= Nautical time =

System that allows ships on sea to express their local time

Nautical time is a maritime time standard established in the 1920s to allow ships on the high seas to coordinate their local time with other ships, consistent with a long nautical tradition of accurate celestial navigation. Nautical time divides the globe into 24 nautical time zones with hourly clock offsets, spaced at 15 degrees by longitudinal coordinate, with no political deviation.
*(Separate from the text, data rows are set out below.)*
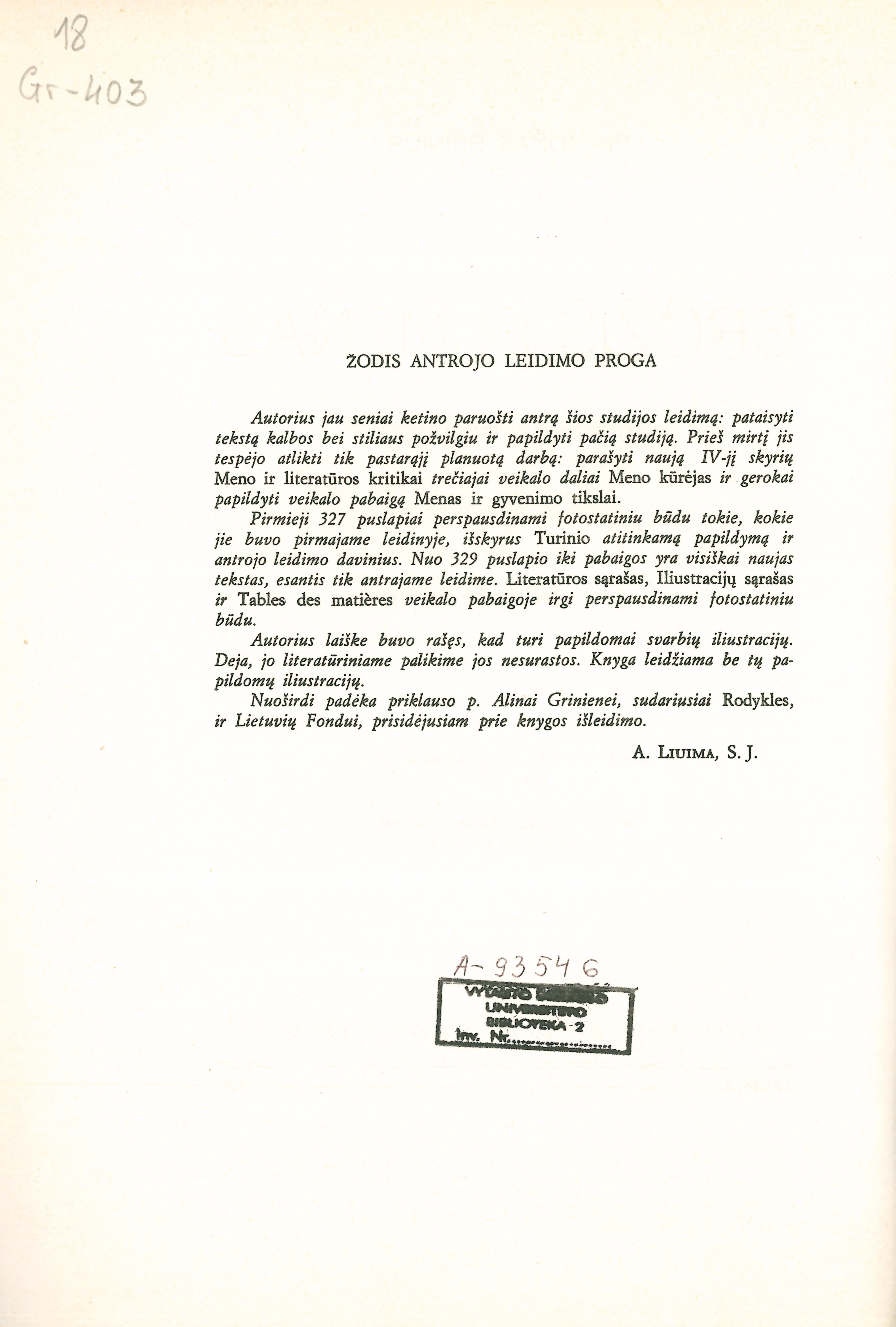 Grožis ir menas: estetikos pagrindai / Jonas Grinius. – 2–asis pataisytas ir papildytas leidimas. – Roma: Lietuvių katalikų mokslo akademija, 1981. – 399, [40] p.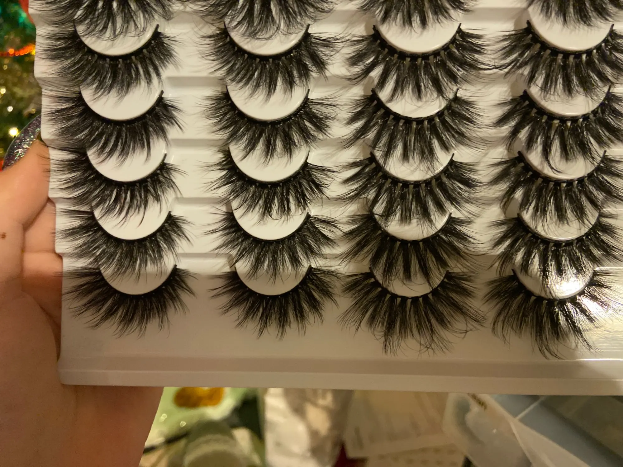 Очень нравятся эти ресницы! Они лучше, чем я ожидал! Прилипает к ним! Доставка немного медленная! Но когда я закажу больше, я буду заказывать много для своего бизнеса!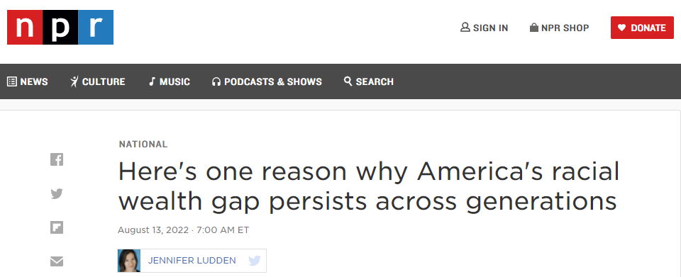 布朗表示,这种差异反映了几代人的隔离和种族主义,尤其是在住房政策方面。种族限制性契约禁止白人将自己的房屋出售或出租给非洲裔美国人或其他少数族裔。而联邦住房管理局的政策支持这种限制。“所以,如果你的祖父母买了一套由联邦住房管理局承保的房子,那是因为他们是白人。”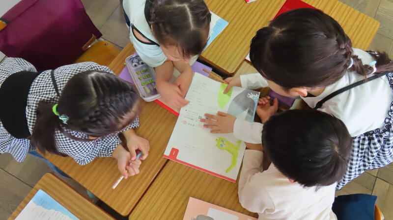 2年生国語科の学習で、グループで音読の順番を決めています。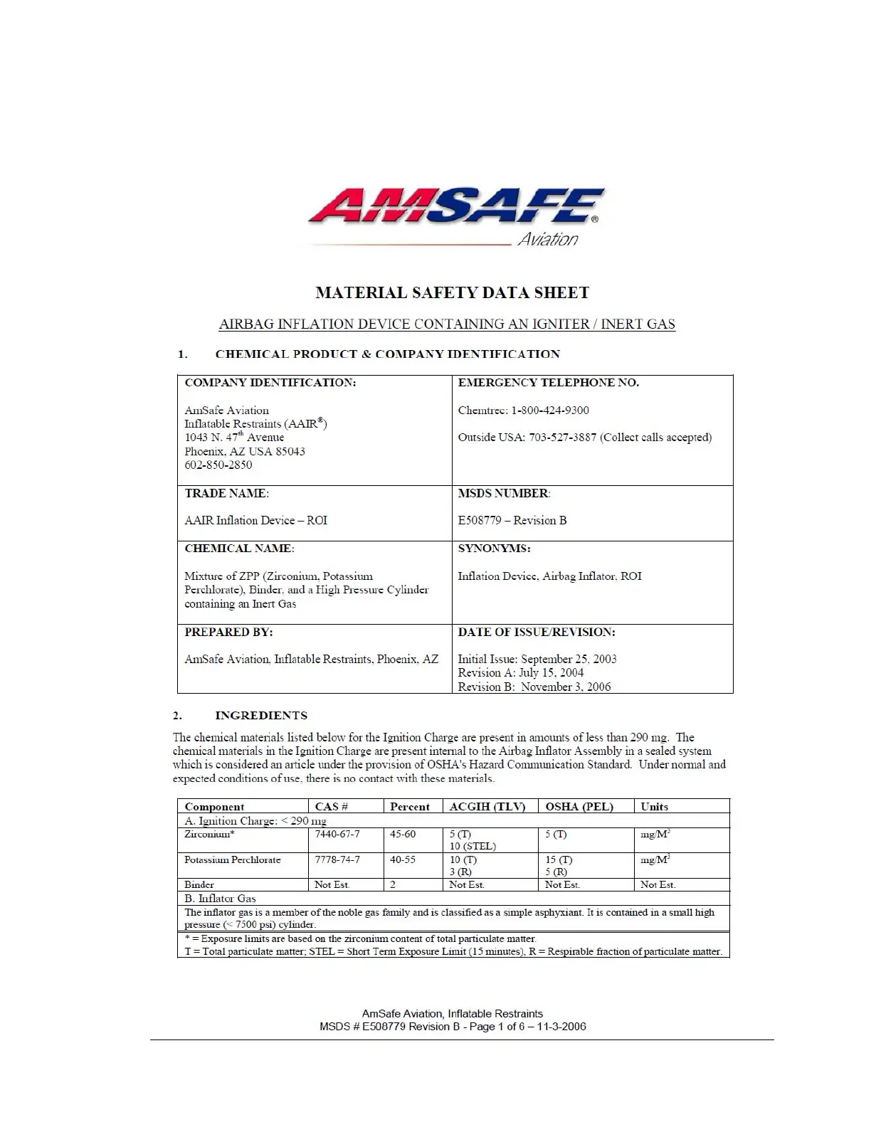 AMSAFE V23 - ROI MSDS for Airbag Inflator

Nautical timekeeping dates back to the early 20th century as a standard way to keep time at sea, although it largely only applied to military fleets pre–World War 2. This time-keeping method is only used for radio communications and to account for slight inaccuracies that using Greenwich Mean Time (GMT) may lead to during navigation of the high seas. It is typically only used for trans-oceanic travel, as captains will often not change the timekeeping for short distances such as channels or inland seas.
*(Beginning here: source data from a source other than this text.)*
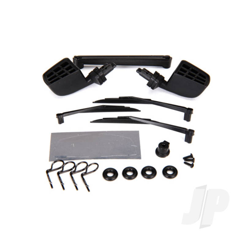 Mirrors, side, black (left & right) / o-rings (4 pcs) / windshield wipers, left, right, & Rear / wiper retainers (2 pcs) / Body clips (4 pcs) / 1.6×5 BCS (self-tapping) (3 pcs)
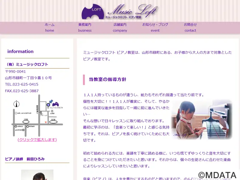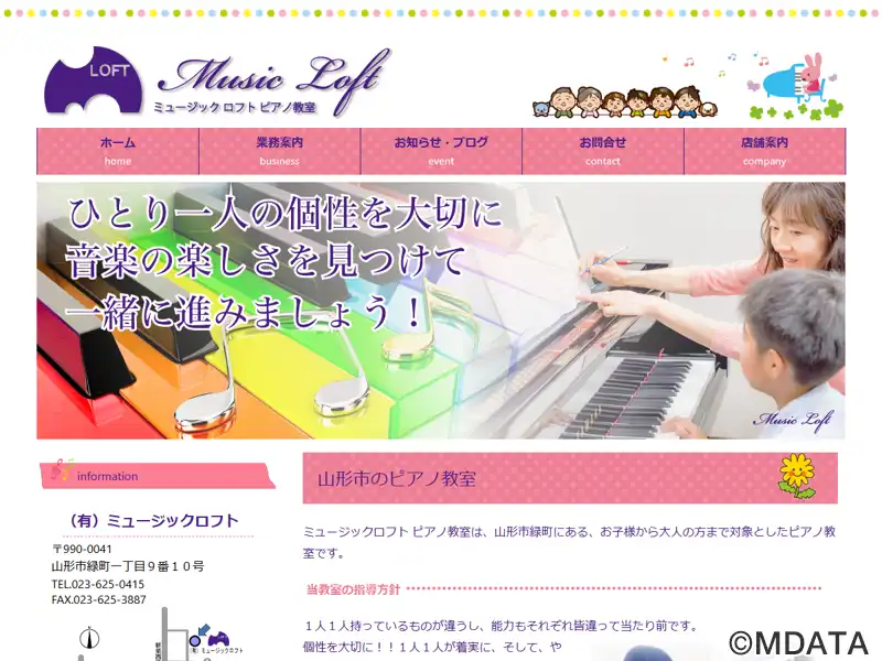 山形市緑町にあるアットホームなピアノ教室。子供から大人まで、初心者からコンクールを目指す方まで、一人ひとりの個性を尊重したレッスンを行う。音楽の楽しさを大切に、無理なく丁寧な指導を心がけ、継続を通じて音楽的成長と達成感を育む。グランドピアノC3を備えた防音レッスン室は、コンクール前の集中練習や伴奏合わせ、管楽器の練習にも最適。ピアノ調律、運搬、販売(新品・中古)、レッスン室の貸し出しも行っている。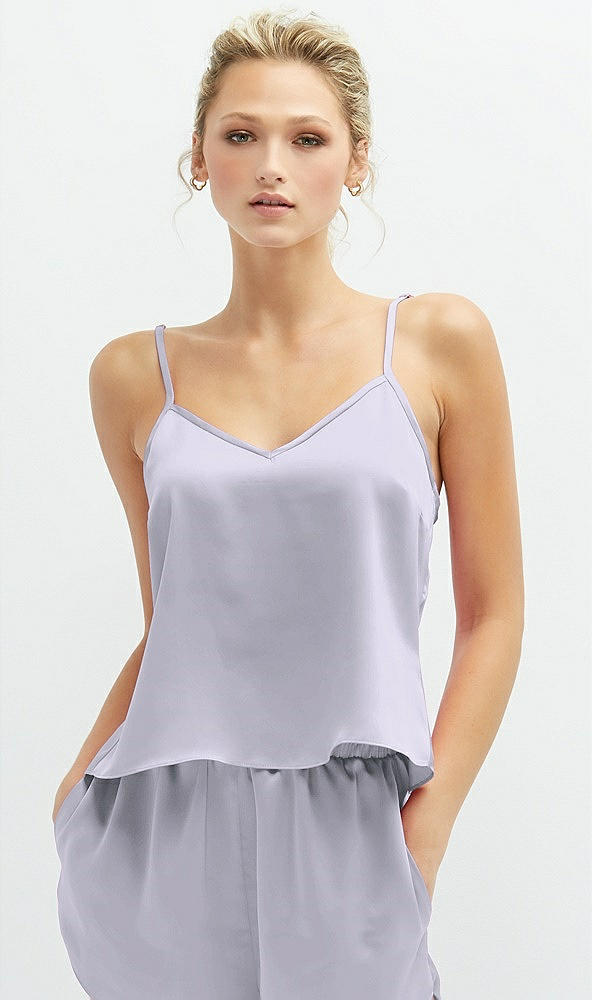 Split Back Whisper Satin Cami Top in Silver Dove

== History of nautical time ==
=== Establishment ===
Prior to 1920, ships kept solar time on the high seas by setting their clocks at night or at the morning sight so that, given the ship's speed and direction, it would be 12 o'clock when the sun crossed the ship's meridian.

The establishment of nautical standard times, nautical standard time zones and the nautical date line were recommended by the Anglo-French Conference on Time-keeping at Sea in 1917. The conference recommended that the standard apply to all ships, both military and civilian. These zones were adopted by all major fleets between 1920 and 1925 but not by many independent merchant ships until World War II.

=== Letter suffixes ===
Around 1950, a letter suffix was added to the zone description, assigning Z to the zero zone, and A–M (except J) to the east and N–Y to the west (J may be assigned to local time in non-nautical applications – zones M and Y have the same clock time but differ by 24 hours: a full day). These can be vocalized using the NATO phonetic alphabet which pronounces the letter Z as Zulu, leading to the use of the term "Zulu Time" for Greenwich Mean Time, or UT1 from January 1, 1972 onward.

Zone Z runs from 7°30′W to 7°30′E longitude, while zone A runs from 7°30′E to 22°30′E longitude, etc.

These nautical letters have been added to some time zone maps, like the World Time Zone Map published by HM Nautical Almanac Office (NAO), which extended the letters by adding an asterisk (*), a dagger (†) or a dot (•) for areas that do not use a nautical time zone (areas that have a half-hour or quarter-hour offset, and areas that have an offset greater than 12 hours), and a section sign (§) for areas that do not have a legal standard time (parts of Antarctica).

===Today===
In practice, nautical times are used only for radio communication, etc. Aboard the ship, e.g. for scheduling work and meal times, the ship may use a suitable time of its own choosing. The captain is permitted to change his or her clocks at a chosen time following the ship's entry into another time zone, typically at midnight. Ships on long-distance passages change time zone on board in this fashion. On short passages the captain may not adjust clocks at all, even if they pass through different time zones, for example between the UK and continental Europe. Passenger ships often use both nautical and on-board time zones on signs. When referring to time tables and when communicating with land, the land time zone must be employed.

==Application==
The nautical time zone system is analogous to the terrestrial time zone system for use on high seas. Under the system time changes are required for changes of longitude in one-hour steps. The one-hour step corresponds to a time zone width of 15° longitude. The 15° gore that is offset from GMT by twelve hours is bisected by the nautical date line into two 7°30′ gores that differ from GMT by ±12 hours. A nautical date line is implied but not explicitly drawn on time zone maps. It follows the 180th meridian except where it is interrupted by territorial waters adjacent to land, forming gaps: it is a pole-to-pole dashed line.

Time on a ship's clocks and in a ship's log had to be stated along with a "zone description", which was the number of hours to be added to zone time to obtain GMT, hence zero in the Greenwich time zone, with negative numbers from −1 to −12 for time zones to the east and positive numbers from +1 to +12 to the west (hours, minutes, and seconds for nations without an hourly offset).

==Nautical day==
Up to late 1805 the Royal Navy used three days: nautical, civil (or "natural"), and astronomical. For example, a nautical day of 10 July would commence at noon on 9 July civil reckoning and end noon on 10 July civil reckoning, with pm coming before am. The astronomical day of 10 July would commence at noon of 10 July civil reckoning and ended at noon on 11 July. The astronomical day was brought into use following the introduction of The Nautical Almanac in 1767, and the British Admiralty issued an order ending the use of the nautical day on 11 October 1805. The US did not follow suit until 1848, while many foreign vessels carried on using it until the 1880s.